I’ve practiced and studied yoga consistently for five years and time and time again, I’m taught that the essence of yoga is this simple secret: to let go.
The Buddha even says, “You only lose what you cling to.” So if we never cling, we’ll never lose, but we’ll also never have.
Hmm. This concept never resonated with me in the way that most yogic philosophies do. It felt overly simplified, as though it were only one part of the equation.
I’ve thought about this over and over again, and broken it down to figure it out. What does it mean, “to let go”? To never grow attached? Are we meant to drift through life remaining uncommitted to everything, withdrawn from our experiences, relationships, ourselves?

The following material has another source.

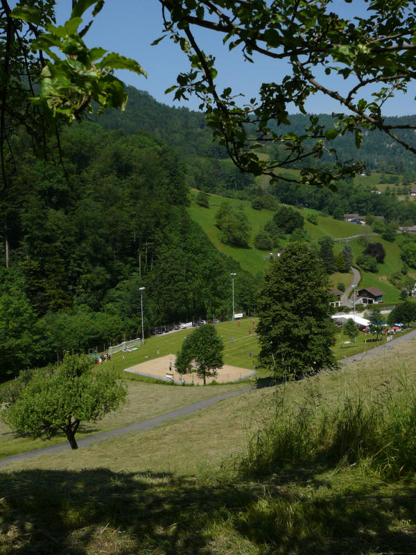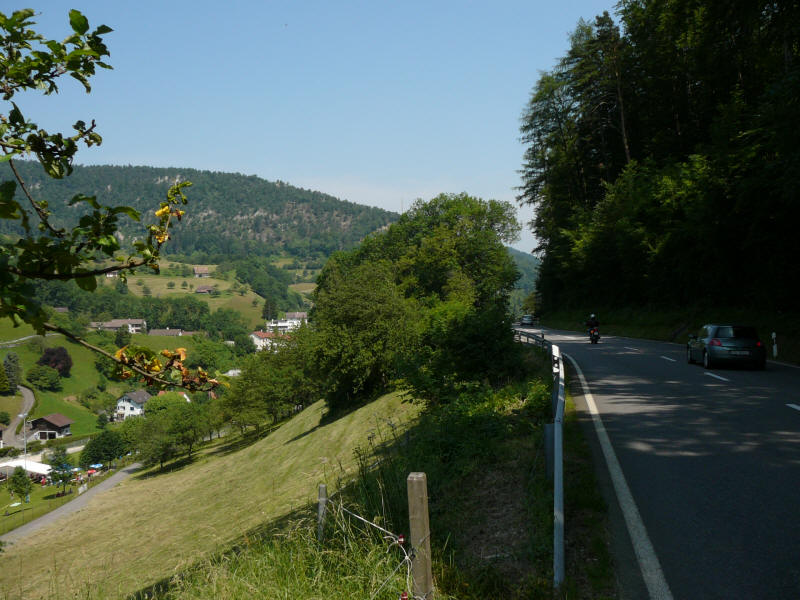 Mittags Verfahren bei "Bubendorf", nähe Liestal. Ein nettes Ehepaar half uns und holte sogar Karten aus dem Haus. Wir hätten gar nicht erst den Berg nach "Ramlinsburg" hinauffahren sollen - unten an der Straße hatten wir ein Schild [54] übersehnen, was nach rechts zeigte. Es ging auf einem Veloweg parallel zur Straße weiter. Ein Test für starke Anstiege, die noch folgen sollten... Schaut mal auf das Video hier rechts vom Text. Mit rechter Maustaste auf das Video, dann auf Abspielen klicken. |
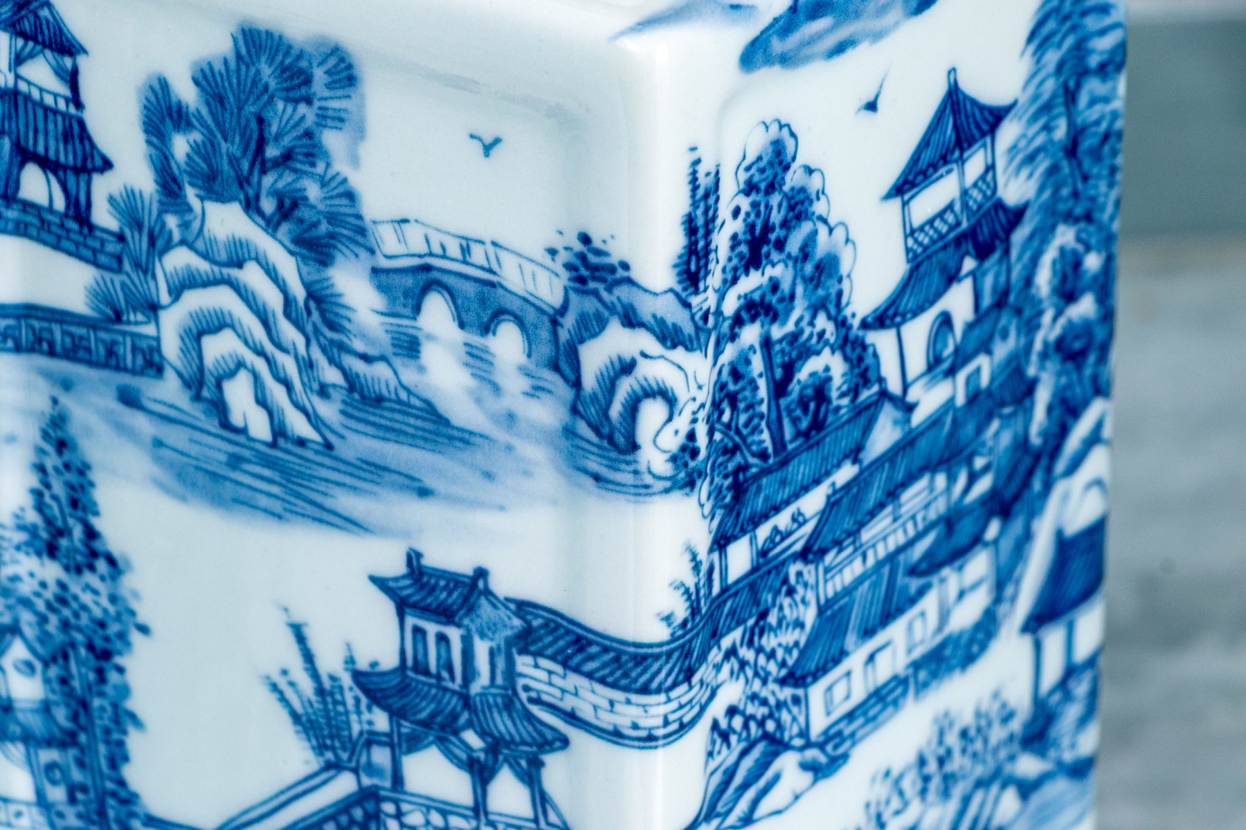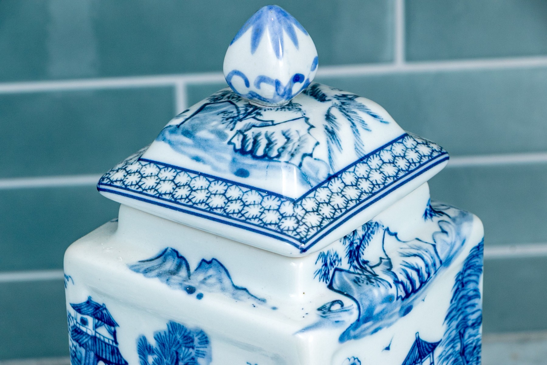 A gorgeous pair of porcelain ginger jars in square form, beautifully designed with pointed finials on domed square lids. The bodies are decorated with classic blue and white scenes of Asian architecture within natural landscapes detailed with bridges over calm water and lush trees around rockery.

And then one day I realized the missing piece. In order to let go, we must first hold on. In order to release, we must first grasp. In order to lose, we must first have. Yes, yes, where there is yin, yang must follow.

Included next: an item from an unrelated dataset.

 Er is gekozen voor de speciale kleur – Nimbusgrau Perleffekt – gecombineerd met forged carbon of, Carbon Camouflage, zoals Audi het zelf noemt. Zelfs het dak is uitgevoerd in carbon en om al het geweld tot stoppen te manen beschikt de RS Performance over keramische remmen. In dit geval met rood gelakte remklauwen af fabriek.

I disagree with the ubiquitous concept that yoga, at its foundation, is learning how to let go. I think yoga is just as much about learning how to hold on. It’s about learning how to devote oneself to something or someone; to be uninhibitedly absorbed in an experience, remaining fully mindful all the while, but to let it dissolve you.
And when the time comes to let go, to then do so with grace and ease.

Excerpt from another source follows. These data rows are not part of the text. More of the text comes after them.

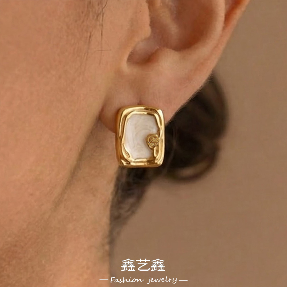 欧美轻奢风方形珐琅彩釉耳钉不锈钢材质镀18k真金高级感气质耳饰
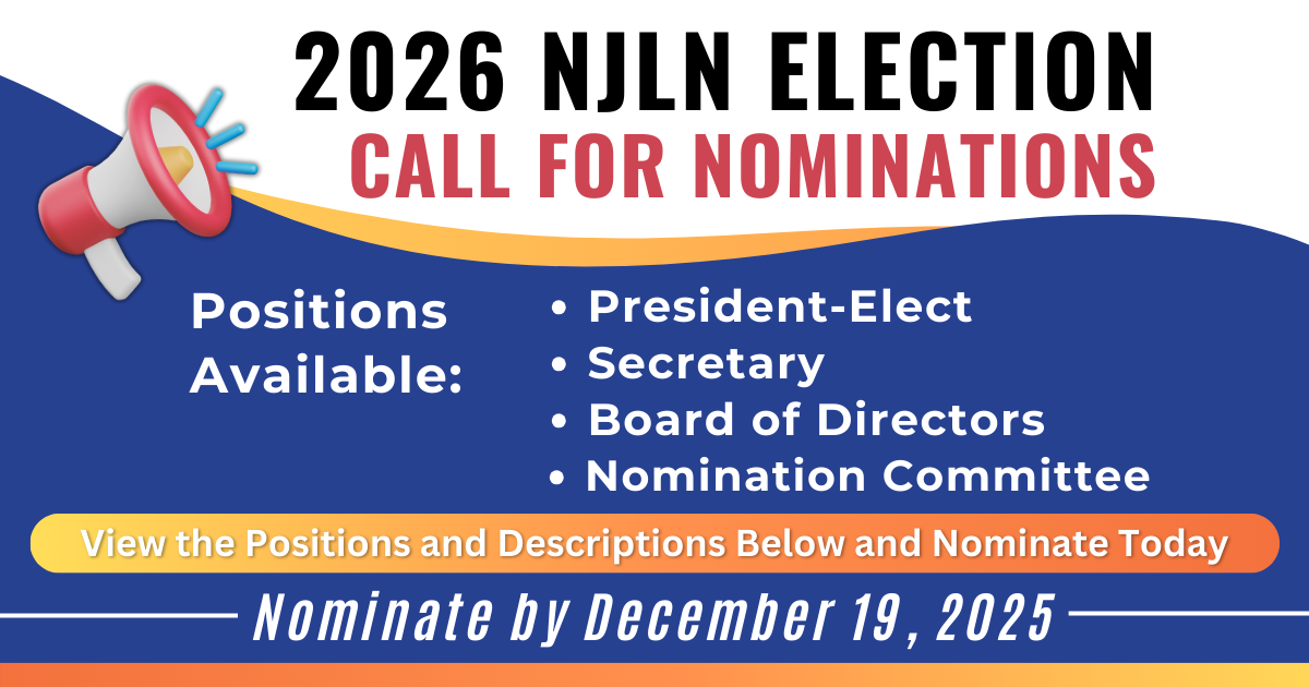 - The qualified slate of nominated candidates will be presented to the NJLN membership in good standing for the 2026 election. The election will be conducted through an electronic ballot where the results will be announced at the Annual NJLN Business Meeting on March 26, 2026, during the 2026 NJLN Convention at Harrah’s Resort in Atlantic City, New Jersey.
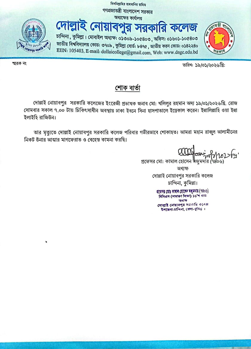 - ইংরেজী প্রভাষক জনাব মো: খলিলুর রহমান এর মৃত্যুতে শোকবার্তা
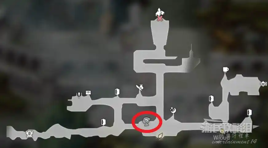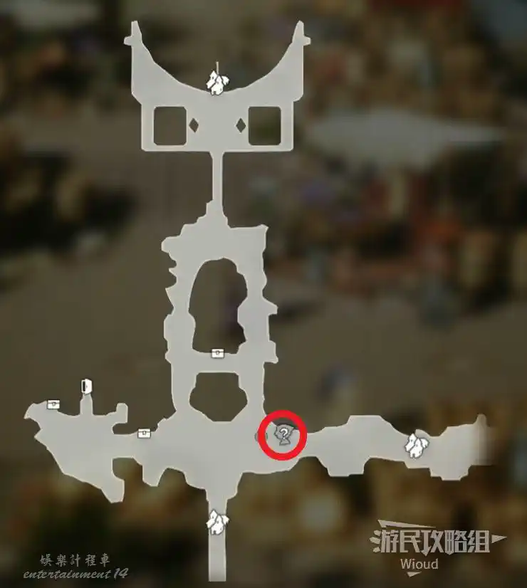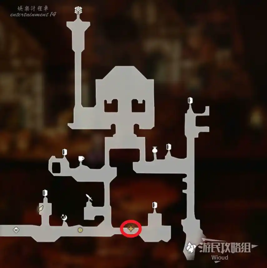 該支線需前往【原罪庭院】旁的【虛榮輝空】觸發,跟隨下圖紅色路線移動到紅圈處。
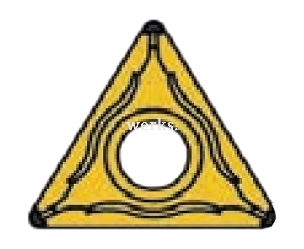 Твердосплавная сменная пластина TCMT треугольной формы предназначена для точения металлов. Она оснащена стружколомом и отверстием под винт с углом 40-60°. Задний угол составляет 7° (позитивный). Допуски: m: ±0.08-±0.18, D1: ±0.05-±0.15, S1: ±0.13. Идеально подходит для получистового точения стали, включая нержавеющую, а также чугуна и жаропрочных сплавов.
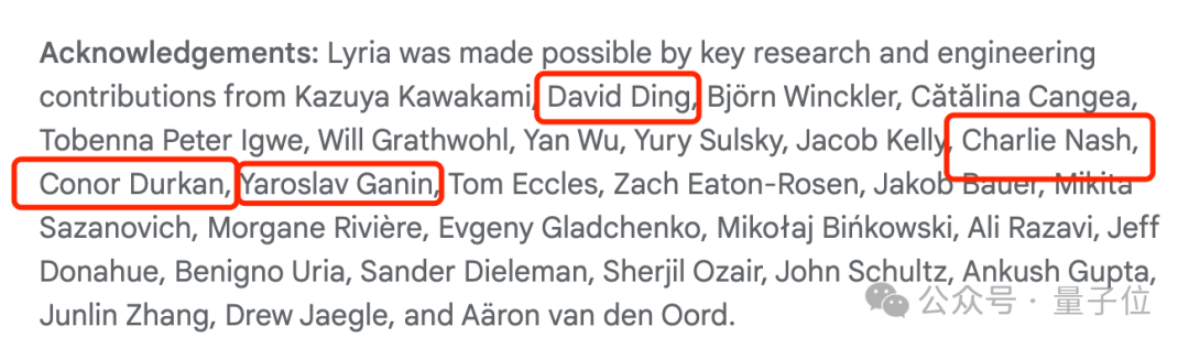 而我们对比Lyria的贡献者名单,可以发现Udio4位联创的名字都赫然在列:
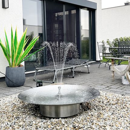 Edelstahlbrunnen Wasserschale Cascara 120 M1Hochwertige Edelstahl-Wasserschale Ø 120cm und LED Beleuchtung - Wasser nicht überlaufend

So many people float through life without feeling the extent of human emotion or experience—they don’t hold on and feel, but exist in a constant state of “letting go,” remaining untouched and safe.
I don’t want to withdraw from the world and experiences; I want to fully engage and participate with life and relationships. Perhaps yoga is less about letting go and more about gliding between these two spaces—we hold on, to let go, only to hold on again.
So, yogis and other folk, while I claim to be no expert, I contradict this wisdom. I proclaim a resounding “no”—yoga is not simply about letting go. I believe the essence of yoga is this simple secret:
Hold what is dear and near to your heart with all your might, hug it like your life depends on it, and when the time comes to let go, as is ever so, let it go.